And that crisis has real shape. The toys have spent the whole summer trying to help Bonnie make friends, and for a moment, it looks as if their efforts might pay off with Blaze Manoukian (Mykal-Michelle Harris), a potential new friend. Then Lily enters the picture and, without intending to, ruins that fragile progress, pulling Bonnie deeper into a shallow, screen-obsessed social orbit of mean girls. Technology arrives like an invasion, not because the device is evil, but because it disrupts the emotional work the toys have been nurturing. Lily even treats Woody and Buzz like boomer toys, relics from another age who cannot understand how kids connect now. Suddenly, the toys do not just feel forgotten; they feel abandoned. They feel like they are losing their kid.

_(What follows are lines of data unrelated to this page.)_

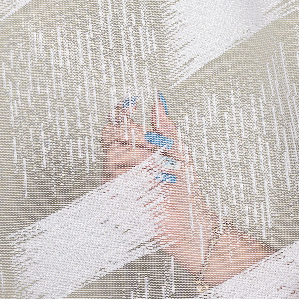 Bílá žakárová záclona s výrazným geometrickým vzorem. Záclona má vzor po celé ploše. Na spodním okraji je zakončena bordurou vln.
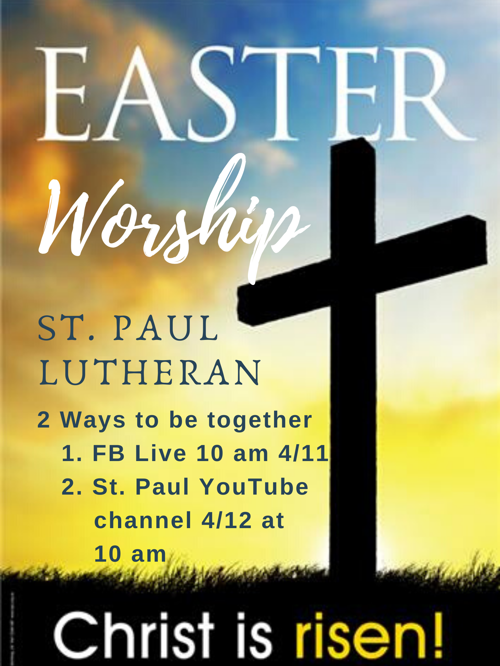 St. Paul worships together, both online and in person, at 10 am every Sunday. We welcome all to join us at 671 Clinton St. Defiance, Ohio or via livestream on Facebook and YouTube.
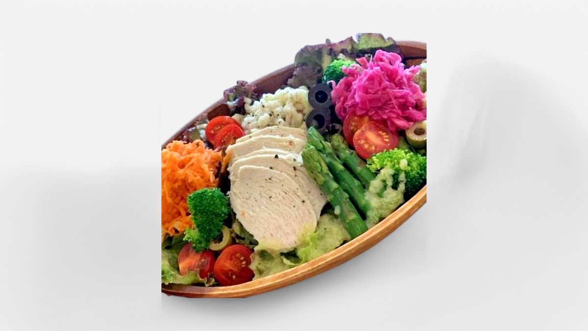 ジューシーな自家製チキンに7種類の野菜が入ったサラダ、と選べるドリンクのセットです。
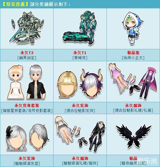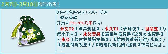 2月7日-3月18日购买角色经验卡+700,获赠梨花香囊,开启有几率获得:永久T2【幽冥剑圣】、永久T1【青蜂侠】、极品宠【纨绔小正太】、永久变身【瑞丽星辰套装/流芳夜影套装】、永久【德古拉魅影发饰】/【德古拉魅影礼裙/礼服】/【暗魅银鸢发型】/【暗魅银鸢礼裙/服饰】或其他奖励之一!获得核心奖励永久型概率是:2%-4%,获得核心奖励期限型概率是:4%-6%,获得非核心奖励概率是:90%-94%。
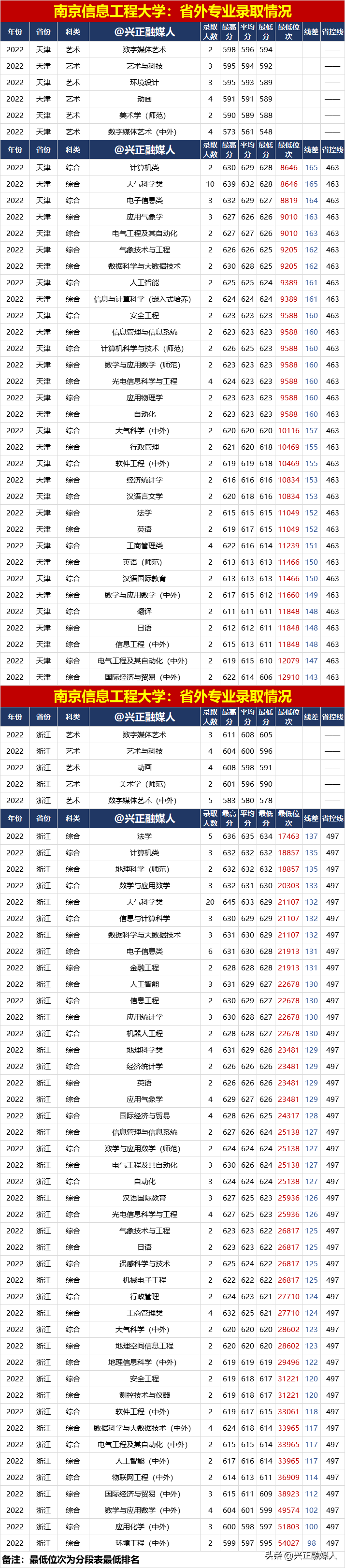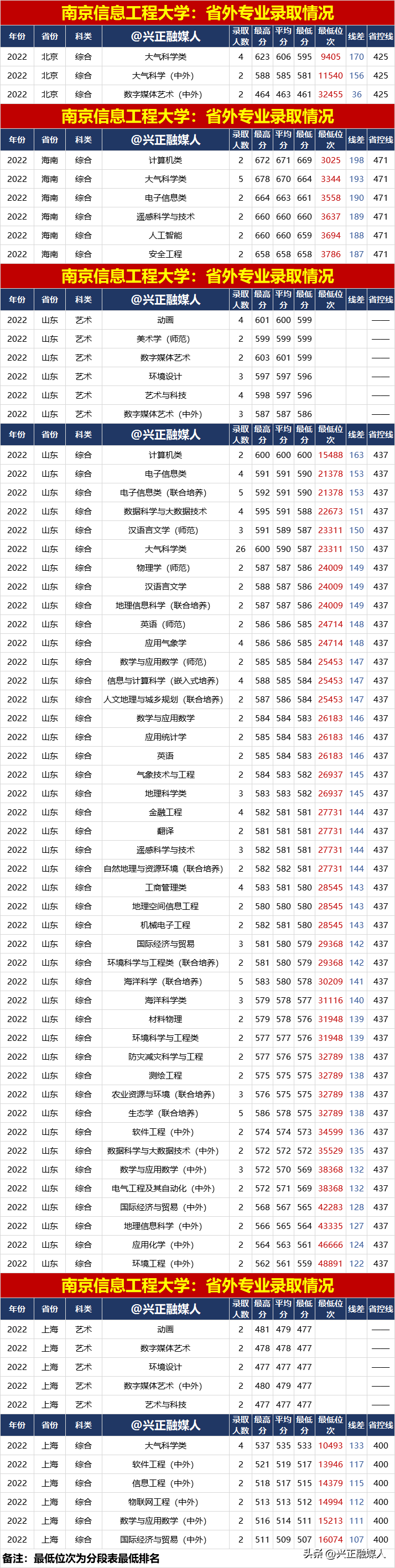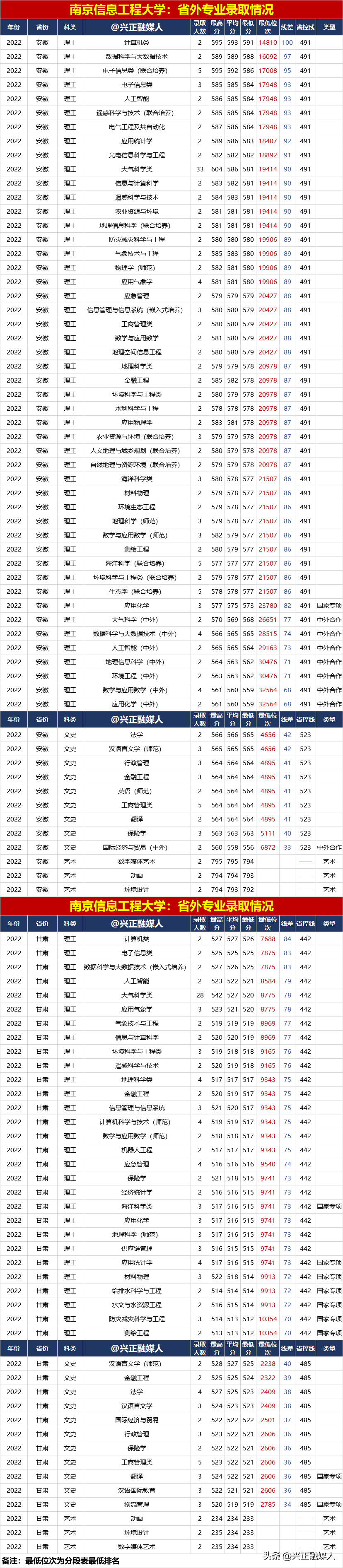 南京信息工程大學2022年分省分專業錄取匯總(內3外1),2023屆請收藏!
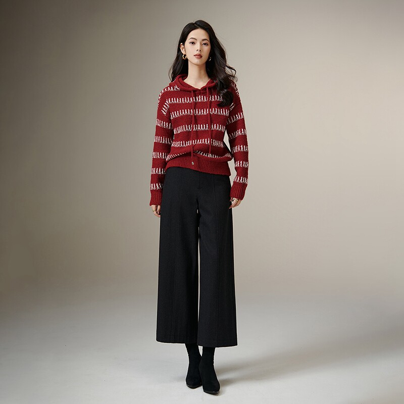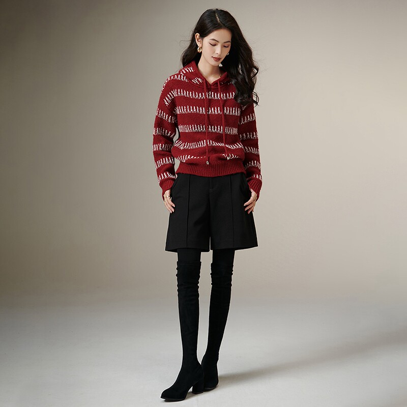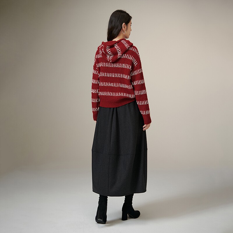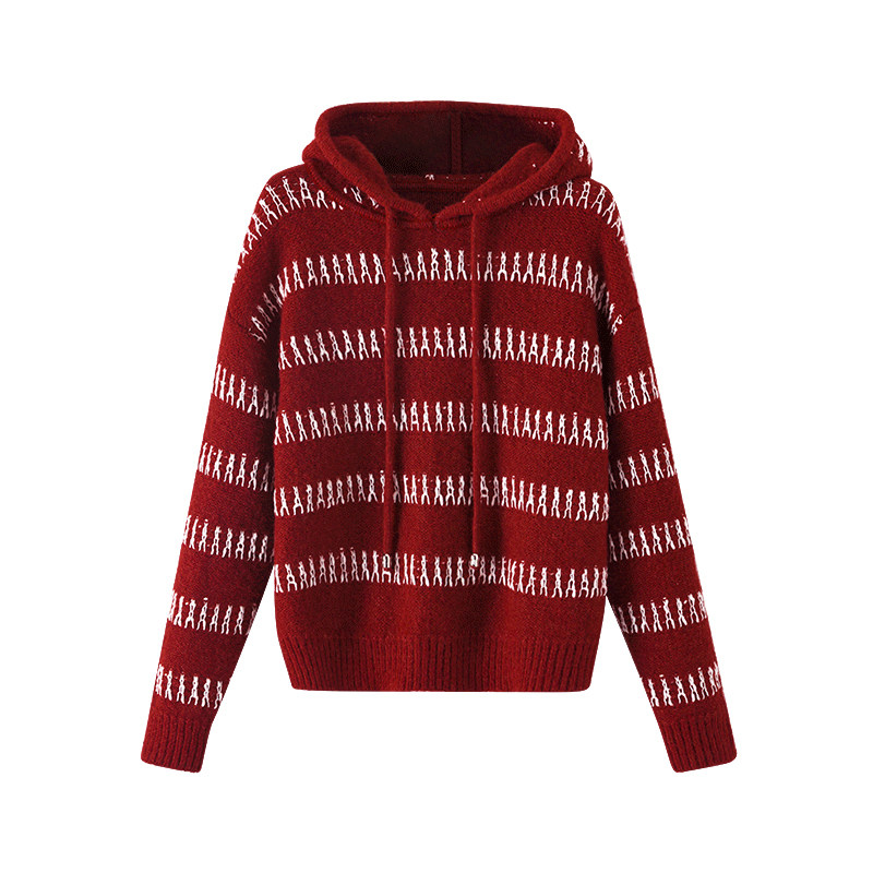 晚白【断码清仓】2025冬条纹红色新上衣连帽含绵大码厚针织衫女

That shift from Woody to Jessie is smart. Woody is still here, and Hanks remains a comforting presence, but he is more of a supporting player than a protagonist. Jessie gives the film a more emotionally direct engine. Her history of abandonment makes the screentime anxiety feel less like a topical gimmick and more like a character problem. She is not simply jealous of Bonnie’s new device. She is terrified of being left behind all over again, and a terrific Cusak voice performance makes that fear feel poignant.

Thematically, the film handles its central idea well: technology can isolate, while play creates wonder, imagination, and connection. The movie is not anti-tech, and Lily is not simply the villain. But Bonnie’s attachment to her is funny, recognizable, and sad because the screen does more than distract her from her toys; it isolates her emotionally, pulling her away from curiosity, imagination, and the vulnerable work of connecting with other kids.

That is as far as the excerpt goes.